O acordo homologado no STF prevê que a União pague aos proprietários o valor de R$ 27,8 milhões a título de benfeitorias, conforme avaliação da Funai, em 2005. Esse montante foi corrigido pela inflação e pela taxa de juros Selic. A União vai pagar a quantia por meio de crédito suplementar.
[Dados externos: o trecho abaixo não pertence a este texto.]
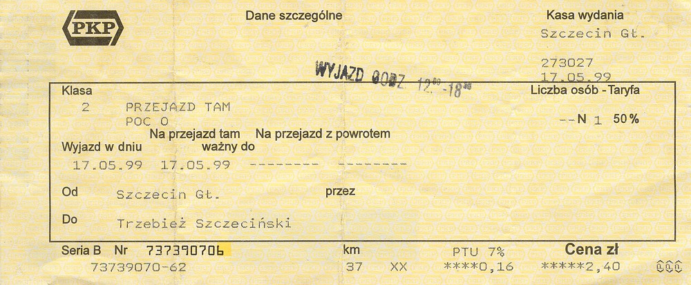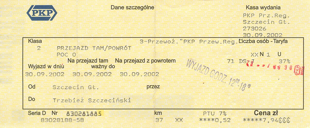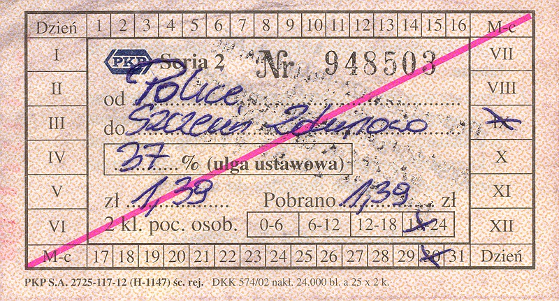 Bilet wypisany przez konduktora, ostatni kurs z Polic

A União também vai pagar aos proprietários uma indenização no valor de R$ 101 milhões pela terra nua, por meio de precatório. O Estado de Mato Grosso do Sul vai realizar, ainda, um depósito judicial de R$ 16 milhões para os proprietários.

Na ata da audiência, ficou estabelecido que a União não concorda em indenizar a terra nua, em razão do recente entendimento do STF, que julgou inconstitucional o marco temporal, mas preferiu optar pela conciliação para encerrar o conflito.
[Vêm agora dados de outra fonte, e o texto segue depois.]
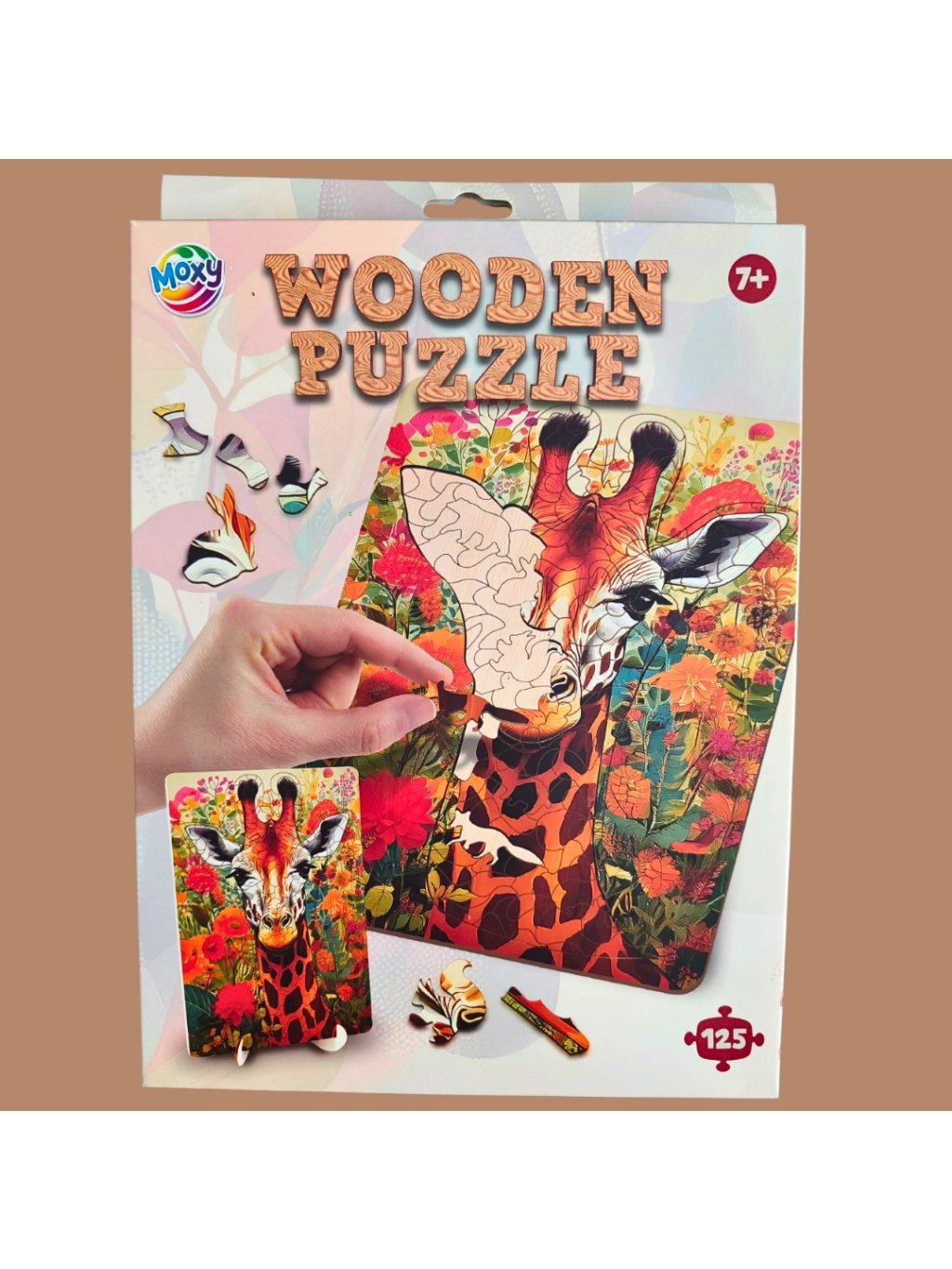 Originální dřevěné puzzle s motivem žirafy, 125 dílků. Barevný detailní obrázek. Vhodné pro děti od 7 let i dospělé.

“Apesar de não concordar com o dever de indenizar a terra nua da área conflagrada tendo em vista a interpretação institucional das teses do Tema 1031 da Repercussão Geral, a União realizará o pagamento de montante indenizatório, via precatório, no valor de R$ 102.112.281,02 ressalvado eventual direito de regresso contra o Estado”, consta da ata.

Em troca, depois do pagamento das benfeitorias, os donos da terra devem deixar o local em até 15 dias. Em seguida, a população indígena poderá ocupar o espaço.

Acordo prevê licença para homenagem a vítima de confronto

O acordo também prevê a extinção de todos os processos em tramitação no Judiciário. As ações discutem litígios que envolvem o conflito da demarcação da Terra Indígena Ñande Ru Marangatu.

Os proprietários das terras concordaram com o pedido dos indígenas, e ficou constando do acordo uma autorização para a realização de uma cerimônia religiosa e cultural no local de falecimento de Neri da Silva, indígena que morreu durante confrontos na região. O ato será em 28 de setembro, antes, portanto, do pagamento e da desocupação da área.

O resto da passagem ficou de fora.